You wish to increase the carbon content of a slab of steel by exposing it to a carburizing atmosphere at elevated temperature. The carbon concentration in the steel before carburization is 379.0 ppm and is initially uniform through the thickness of the steel. The atmosphere of the carburizing furnace maintains a carbon concentration of 6910.0 ppm at the surface of the steel. Calculate the time required to carburize steel so that the concentration of carbon at a depth of 13.0 x 10-2 cm is one half the value of the carbon concentration at the surface. The diffusion coefficient of carbon in steel is 3.091 x 10-7 cm2/s at the carburizing temperature. Express your answer in hours.

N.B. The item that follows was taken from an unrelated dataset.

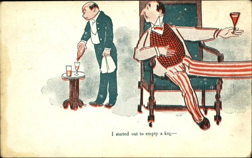 I STARTED OUT TO EMPTY A KEG men alcohol comic c1905 UDB postcard

DATA: Error Function Values
erf(ξ 0.6), use the approximation erf ξ = ξ
erf(1.0) = 0.84
erf(2.0) = 0.998
Answered by anonymous
Please indicate the method of solving it. Not just the answer.
Answered by MIT2
CHEAT!

Do NOT help this person. They are trying to cheat in a midterm exam.
Answered by Ling
Step 1:

(0.5*6910.0 - 6910.0)/ (379.0 - 6910.0)= erf(ξ)

Step 2:
erf(ξ < 0.6), use the approximation erf ξ = ξ

Step 3:

t= d^2/4*D*ξ^2

d=13.0 x 10-2 cm
D=3.091 x 10-7 cm2/s

Step 4:
t in sec -> hours
Conversion seconds to hours is total/(60x60)
Answered by JoeBob
I did it with this formula 3 times. I still did not get it.
Answered by qpt


ξ= (0.5 * carbon concentration at the surface of the steel - carbon concentration at the surface of the steel)/ (carbon concentration in the steel before carburization - carbon concentration at the surface of the steel)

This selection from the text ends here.